An inherent advantage yielded by quantum cryptography when compared to classical cryptography is the detection of passive eavesdropping. This is a natural result of the behavior of quantum bits; due to the observer effect, if a bit in a superposition state were to be observed, the superposition state would collapse into an eigenstate. Because the intended recipient was expecting to receive the bit in a superposition state, the intended recipient would know there was an attack, because the bit's state would no longer be in a superposition.

==Quantum computing==

Another goal is the development of quantum computers, which are expected to perform certain computational tasks exponentially faster than classical computers. Instead of using classical bits, quantum computers use qubits, which can be in superpositions of states. Quantum programmers are able to manipulate the superposition of qubits in order to solve problems that classical computing cannot do effectively, such as searching unsorted databases or integer factorization. IBM claims that the advent of quantum computing may progress the fields of medicine, logistics, financial services, artificial intelligence and cloud security.

Another active research topic is quantum teleportation, which deals with techniques to transmit quantum information over arbitrary distances.
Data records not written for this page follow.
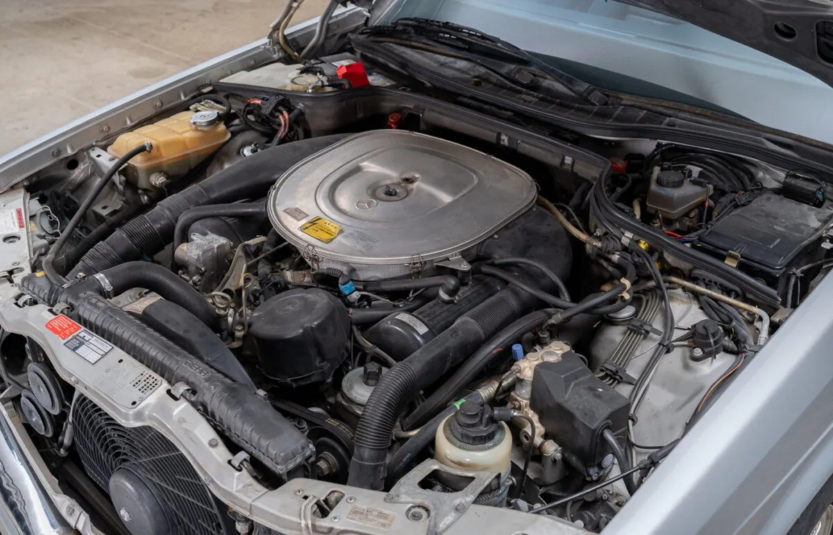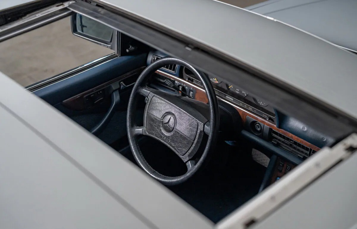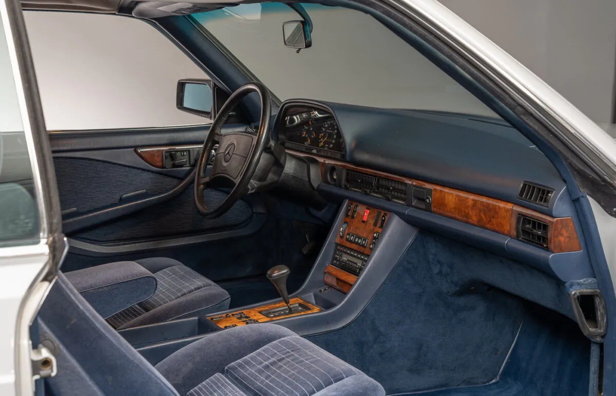 - Заводская аудиосистема Becker, автоматический климат-контроль и подушка безопасности — редкость для своего времени, но стандарт для 560 SEC.
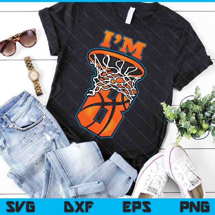 Kids basketbal ik ben 8 jongen meisje 8e verjaardag cadeau SVG PNG digitale snijbestanden
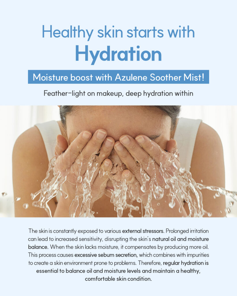 A soothing and hydrating facial mist infused with azulene to calm and refresh tired, dry skin. Instead of purified water, this formula delivers moisture and comfort to stressed skin for a healthy, balanced complexion.
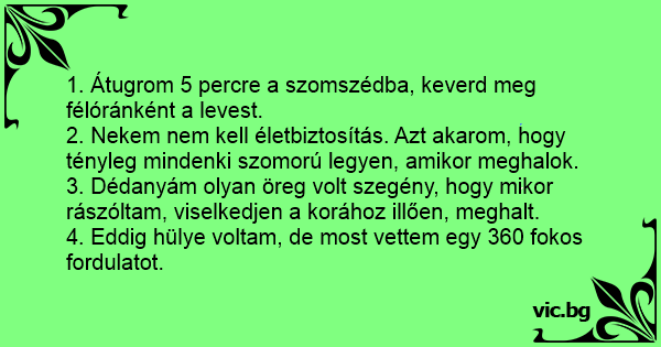 3. Dédanyám olyan öreg volt szegény, hogy mikor rászóltam, viselkedjen a korához illően, meghalt.
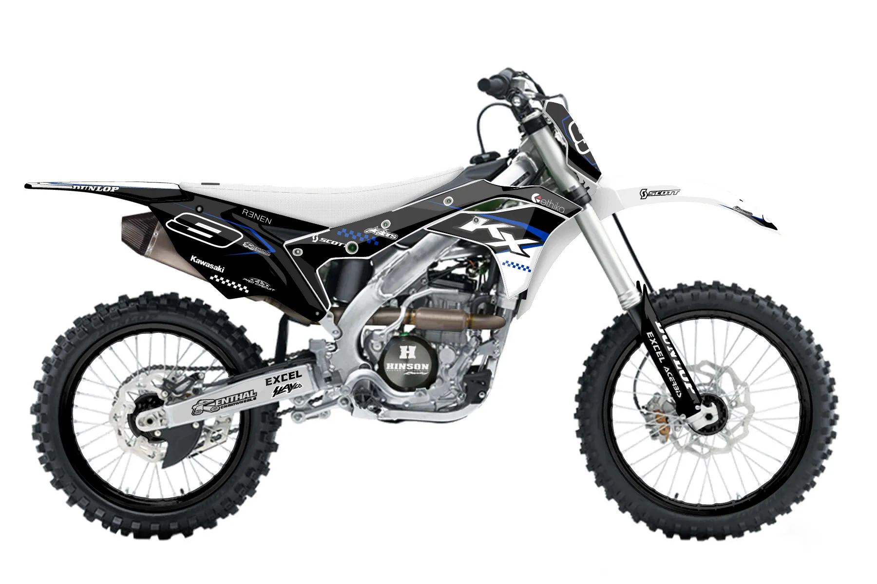 «blue one» — готовый комплект графики серии Staple для Kawasaki MX Graphic Kit Kawasaki KX250F 2017. В комплекте: графика на бак и боковые облицовки, крылья (переднее и заднее), передний щиток, номерные таблички, защита вилки. Материал: ПВХ-винил 80 мкр с холодной ламинацией 300 мкр, общая толщина 380 мкр; покрытие глянцевое или матовое на выбор. Устойчив к UV-излучению, воде, бензину и мойке высокого давления. Клей акриловый на сольвентной основе — постоянный, для гибких пластиков. На простых поверхностях монтируется без нагрева; для сложных изгибов рекомендуем фен. Этот пресет можно заказать как есть или взять за основу в конструкторе: поменять цвета, добавить стартовый номер и свой бренд. Производство — 3–5 рабочих дней, доставка по России СДЭКом или Почтой, по СНГ — курьерскими службами.
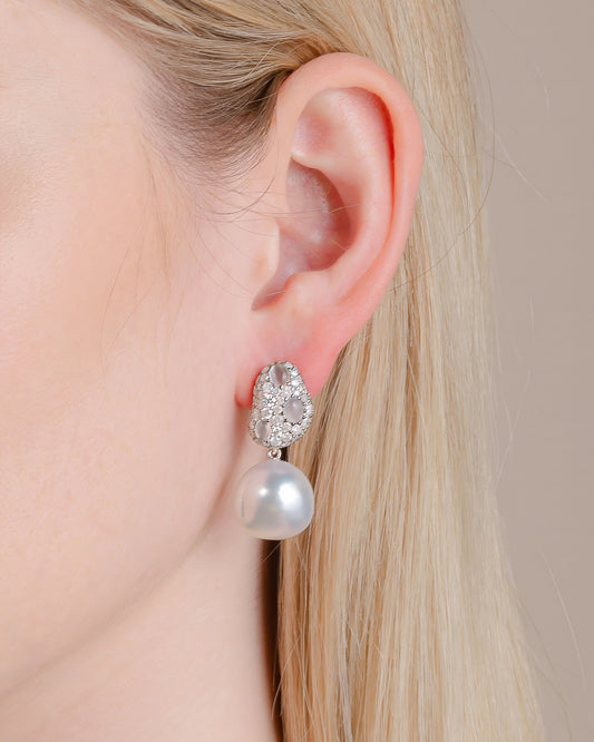 White Moonstone & Milky Diamond Pearl Drop Earrings
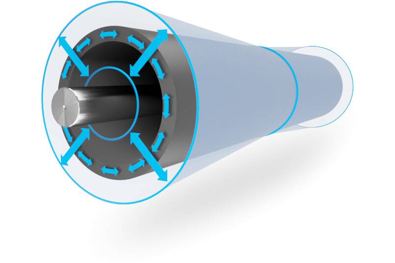 Da der PrimeTracker über seine komplette Breite den gleichen Durchmesser aufweist, hat er stets einen vollständigen Kontakt zum Gurt. Verschleiß am Rand wird verhindert, Gurt und Tracker werden mit einer längeren Lebensdauer be- lohnt. Zur Lebensdauer trägt außerdem ein Gummizentrallager und eine Manschettenabdichtung zur weichen Aufhängung der Tracker-Welle positiv bei.
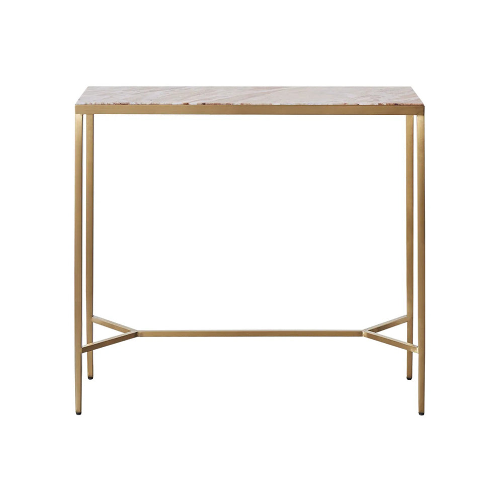 Grace your home with the quiet elegance of the Chloe Pink Marble Console Table in Gold. With its softly veined matte pink marble top and slim brushed gold stainless steel frame, this piece exudes refined sophistication. Designed to elevate hallways, entryways, or living rooms, its clean lines and airy profile offer timeless charm without overwhelming the space. Available in two versatile sizes and requiring no assembly, it’s a ready-to-style statement of effortless luxury.
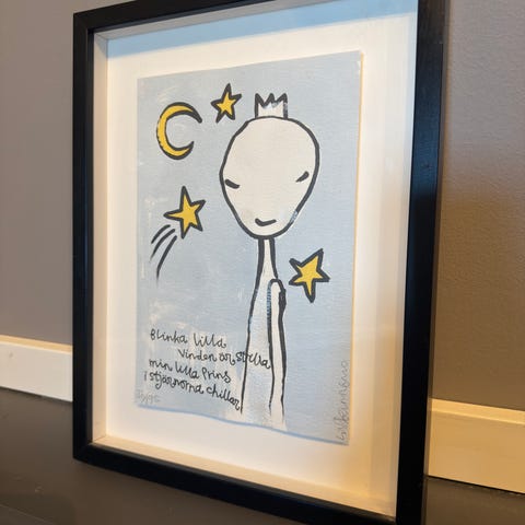 Tavla med väggkonst föreställande ett flygplan på blå bakgrund, en liten figur på en hylla och en pratbubbla med texten "I should have booked all those flights...". Motivet är inramat i en enkel träram och passar som dekorativ väggdekoration i hem eller kontor. Ingår plexiglas skydd.
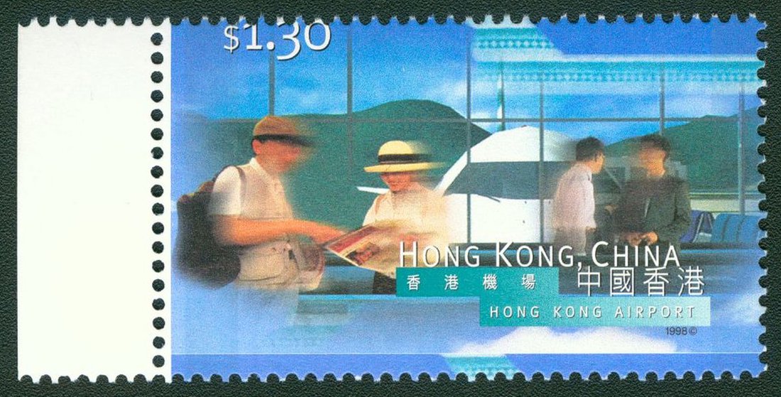 1998 Hong Kong International Airport $1.30 with left margin, variety perforations shifted downward 2mm, unmounted mint, very fresh.
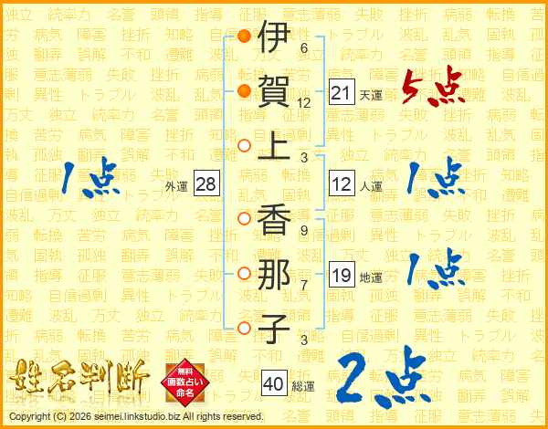 伊(6画)賀(12画)上(3画) 香(9画)那(7画)子(3画)
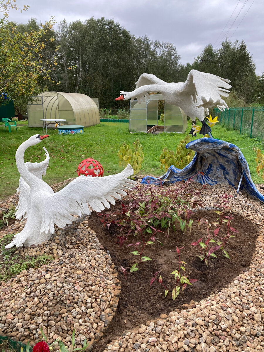 В прошлом году на даче,зашла к нам соседка.Она по весне,каждый год,дарит нам цветы-многолетники для клумб.А так как приехав на дачу,у меня была мысль сотворить что либо необычное,я была в поиске сложившегося образа будущего творения.Так вот,соседка,в очередной раз принесла нам растения и стала распрашивать,чем я в этом году займусь,что буду лепить?Девушка она у нас бесподобная.Всё при ней,и доброта,и мягкий характер,и интересный собеседник,и образование(юрист),и работает в приличной бр.компании,но до сих пор не устроена в личной жизни.Думаю,что из-за излишне сильной привязанности к своей маме и семье брата.А может просто пока не встретила своё счастье.Так хочется,чтобы она встретила свою любовь!Так вот,она стала распрашивать о планах по поводу моего будущего развлечения-лепки,прошла по участку,развернулась к нам спиной и со словами-"Слепи что нибудь такое!",вскинула руки!И в доли секунд у меня сложилась вся картина моей будущей композиции-Встреча двух влюблёных!Вот такой у меня был,на
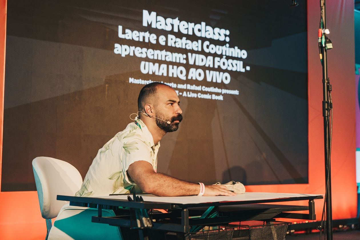 Diante de uma sala lotada, os dois explicaram como o projeto ganhou forma — dos thumbnails aos esboços finais. Entre humor, reflexões sobre narrativa e comentários sobre tiras, histórias longas e a importância de uma “ideia unificadora”, o público acompanhou cada traço sendo construído em tempo real. “Eu gosto de ler quadrinho por conta da linguagem que me agrada”, comentou Laerte ao falar sobre o que ainda a move dentro do universo dos comics.
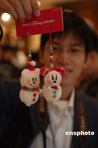 圖為迪斯尼樂園推出今年的圣誕吉祥物“雪人一家”鑰匙掛飾。
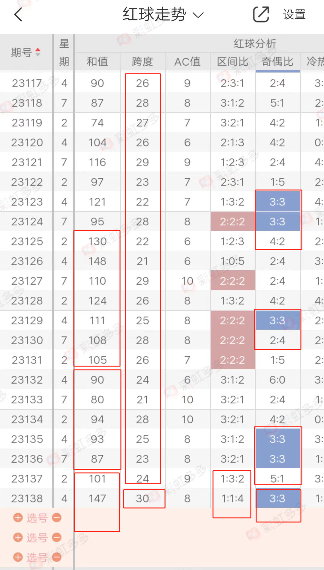 和值走势,上期红球和值为147,本期可以看好和值回落,在110左右。

==Macroscale quantum effects==

While quantum mechanics primarily applies to the smaller atomic regimes of matter and energy, some systems exhibit quantum mechanical effects on a large scale. Superfluidity, the frictionless flow of a liquid at temperatures near absolute zero, is one well-known example. So is the closely related phenomenon of superconductivity, the frictionless flow of an electron gas in a conducting material (an electric current) at sufficiently low temperatures. The fractional quantum Hall effect is a topological ordered state which corresponds to patterns of long-range quantum entanglement. States with different topological orders (or different patterns of long range entanglements) cannot change into each other without a phase transition.

==Other phenomena==
Quantum theory also provides accurate descriptions for many previously unexplained phenomena, such as black-body radiation and the stability of the orbitals of electrons in atoms. It has also given insight into the workings of many different biological systems, including smell receptors and protein structures. Recent work on photosynthesis has provided evidence that quantum correlations play an essential role in this fundamental process of plants and many other organisms. Even so, classical physics can often provide good approximations to results otherwise obtained by quantum physics, typically in circumstances with large numbers of particles or large quantum numbers. Since classical formulas are much simpler and easier to compute than quantum formulas, classical approximations are used and preferred when the system is large enough to render the effects of quantum mechanics insignificant.